– А-а-а, да-да, – голос хозяйки дрогнул, но затем после того, как она рассмотрела Долорес, слегка потеплел. – Вы пришли устраиваться секретарём к моему мужу? Он не ждал вас так скоро. Извините, сегодня его не будет. И завтра тоже. Но вы оставайтесь, поможете мне с одним делом. Норман, займитесь, пожалуйста, багажом мисс… Макнил.
– Ничего, у меня только одна сумка, – поспешила сообщить Долорес, так и не успевшая за проведённые в Лондоне полгода обзавестись светскими нарядами и вечерними платьями.
Долорес уже хотела честно признаться, что у неё совсем небольшой (а, точнее, никакой) опыт работы секретарём, но оказалось, что поначалу и этого опыта от неё не потребуется. Чем тогда она могла быть полезна хозяевам дома?

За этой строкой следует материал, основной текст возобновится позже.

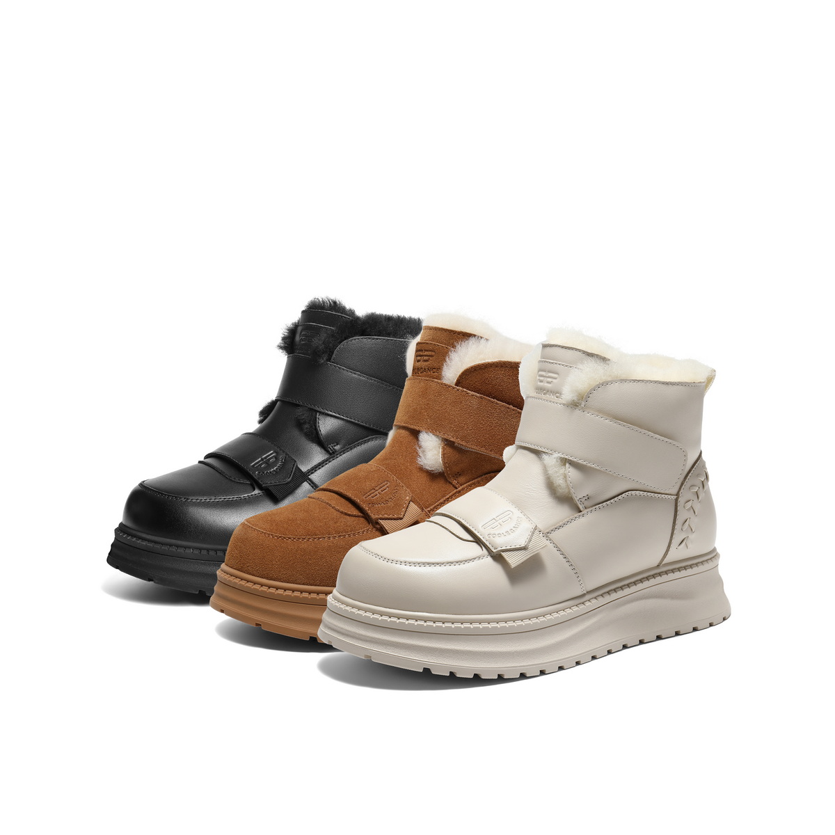 百丽厚底增高雪地靴女2025冬新商场同款保暖魔术贴东北靴E8R1DDD5
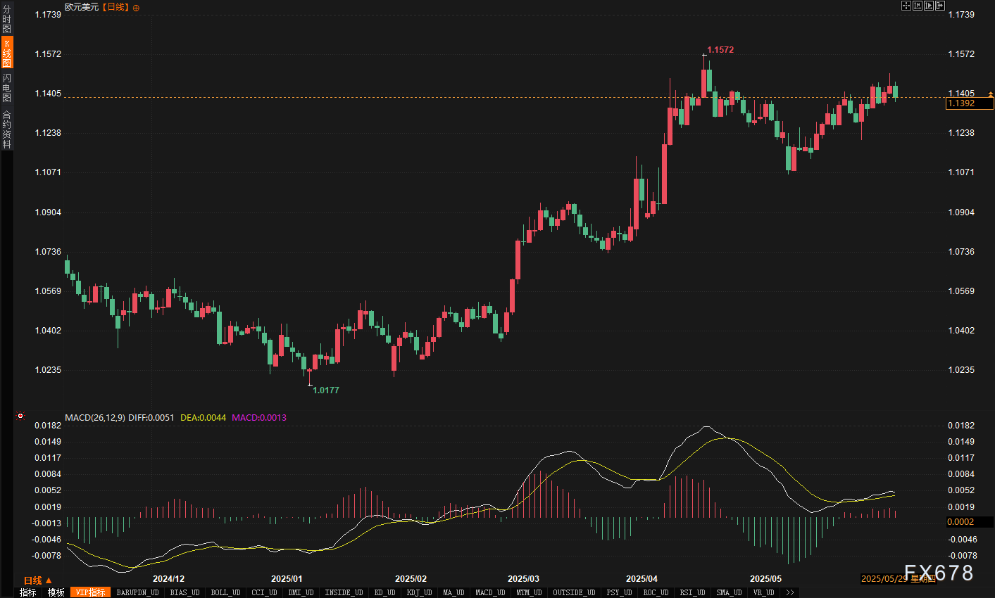 欧元兑美元本周震荡上行,周线上涨0.41%,周四一度触及1.1495的六周高点,但周五因美元走强回落至1.1395。尽管如此,欧元本周整体表现稳健。
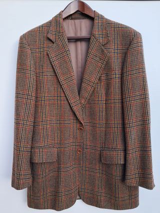 Chaqueta de traje con un diseño a cuadros en tonos marrones y grises. Fondo gris con rayas finas marrones y beiges. - Cuello solapa. - Cierre de botones. - Bolsillos frontales. Nota: sólo envío por wallapop.
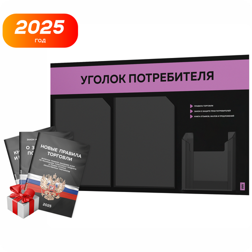 Уголок потребителя 2025 + черный комплект книг 2025, черный стенд с лавандовым, 3 кармана, серия Black Color, Айдентика Технолоджи: сравнение цен, характеристики, фото, актуальное наличие и цены.
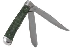 La Rough Ryder Sowbelly Trapper es una navaja tradicional. Como el nombre ya sugiere, es, en la base, un trapper con hojas clippoint y speypoint a juego. Pero la forma del mango es más curvada, como una barriga de cerdo. Este cuchillo se abre con las dos manos y el slipjoint evita el cierre accidental. Como tal, puedes llevar esta navaja legalmente en muchos lugares de Europa.
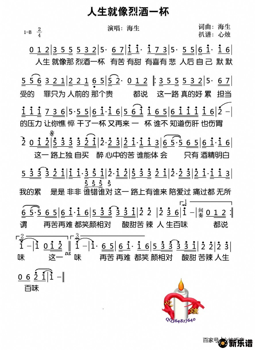 《人生就像烈酒一杯》简谱 海生-心烛制谱
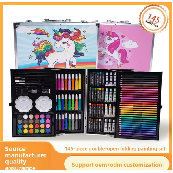 145-Piece Watercolor Pen Set for Kids Wood Art Painting Stationery Including Crayons Oil Pastels Paintbrushes for Drawing$3.99
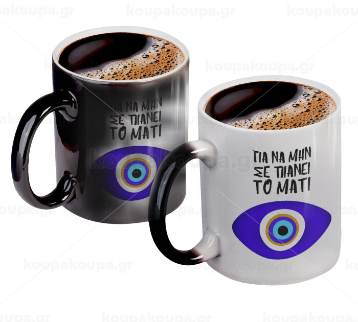 Για να μην σε πιάνει το μάτι, Color changing magic Mug, ceramic, 330ml when adding hot liquid inside, the black colour desappears (1 pcs)
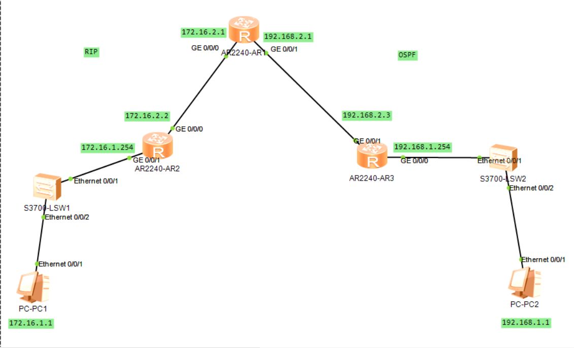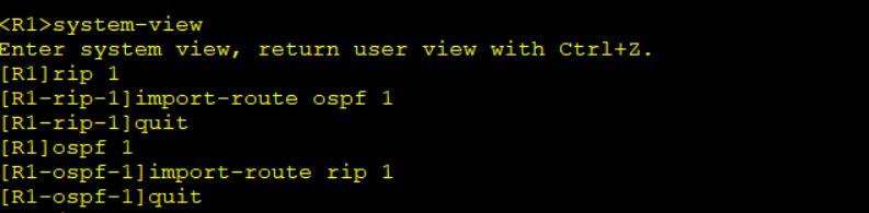 4.在R1路由器配置RIP重分发OSPF、OSPF重分发RIP(两个区域的协议不同,需要进行协议重分发,从而实现线路互通)
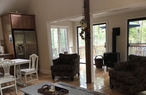 Quaint, comfortable newly updated two bedroom one and a half bath cabin nestled in the woods with all new amenities, including fully equipped kitchen with
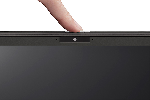 14.0型のワイドディスプレイはフルHD、4Kから選択可能。そのほか、共通の仕様として、ディスプレイ上部に装備されたWebカメラには、プライバシー保護のためスライド式シャッターを備える。
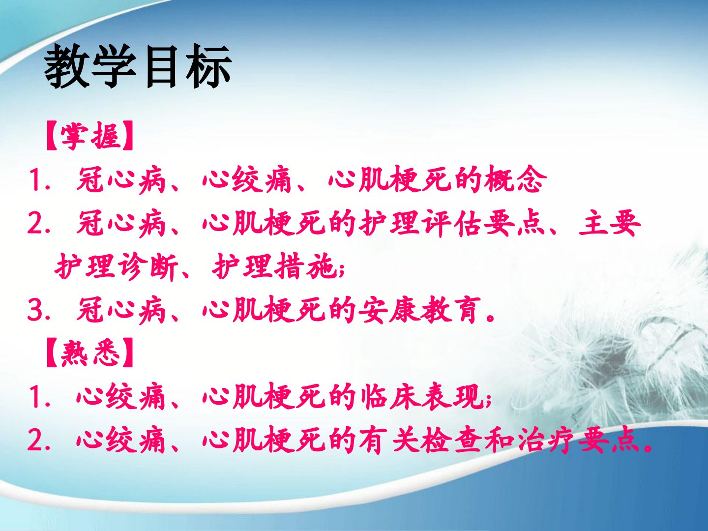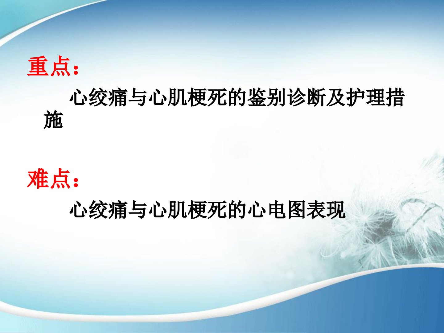 第二章冠心病病人的护理摘要教学目标掌握冠心病、心绞痛、心肌梗死概念及护理要点;熟悉临床表现、检查和治疗要点。重点在于心绞痛与心肌梗死的鉴别诊断及护理难点为两者心电图表现。冠心病概述冠状动脉粥样硬化性心脏病简称冠心病由冠状动脉粥样硬化导致心肌缺血、缺氧或坏死引起。病因和发病机制确切病因不明可能与遗传、环境(如吸入性变应原、感染、食物、药物、气候等)有关。发病机制涉及炎症细胞、细胞因子及介质相互作用致气道炎症、气道高反应性等。临床表现典型症状为发作性呼吸困难、胸闷和咳嗽夜间及凌晨加重。体征包括胸部过度充气征、广泛哮鸣音。分期包括急性发作期、慢性持续期和缓解期。辅助检查包括肺功能检查、血气分析、胸部X射线检查等。护理评估发病原因、临床表现、家族史等。护理目标为缓解呼吸困难、有效呼吸、排痰、正确使用雾化吸入器预防并发症。护理措施包括一般护理、病情观察、对症护理、用药护理、心理护理及健康指导等。

Она не сразу смогла сообразить, остаться ей или же убраться восвояси, пока не поздно. Только после того, как вызванная старым лакеем служанка взяла её одежду и попросила следовать за ней, Долорес решила посмотреть, что будет дальше, и перешла в отведённую для неё комнату. В комнате было темновато и жарко, при том, что окна были приоткрыты. Виноватыми оказались неподвижные тяжёлые шторы, которые будто впитывали всю до капли влагу с улицы. Судя по многим приметам, дом имел довольно древний возраст, не только по стилю, но и по общей изношенности, намекавшей на необходимость ремонта, и в нём было так много комнат, что в некоторых из них давно никто не жил, как в той комнате, которую предоставили в распоряжение Долорес. Ей стало неуютно от духоты и сгущавшегося на глазах мрака, но как только служанка зажгла люстру и Долорес освободилась от багажа, очень скоро её пригласили в столовую, где миссис Уэндерли попросила великодушно составить ей компанию и поужинать вместе. Столовая тоже выглядела не вполне уютной из-за слишком больших размеров, огромного стола с дюжиной стульев вокруг него и таких же тяжёлых штор, почти не пропускавших естественный свет. Кроме миссис Уэндерли и Долорес и, разумеется, пары прислуживавших им женщин, за ужином никого больше не было. Миссис Уэндерли заметила кислое выражение на лице Долорес и поспешила утешить её:
– Зовите меня просто Дора. А я буду звать вас Долорес, если не возражаете. Мы с мужем в этом доме недавно, он достался нам от его дяди, скоропостижно скончавшегося пару месяцев назад. Поэтому мы не успели здесь ничего поменять. Но я дам вам в помощь служанку, и вы сможете обустроить свою комнату, как вам будет угодно. Она уберёт пыль, приготовит вам постель, принесёт лампу с модным абажуром, а вы пока примете ванну, которая находится прямо за стеной от вас. И завтра мы поговорим о делах.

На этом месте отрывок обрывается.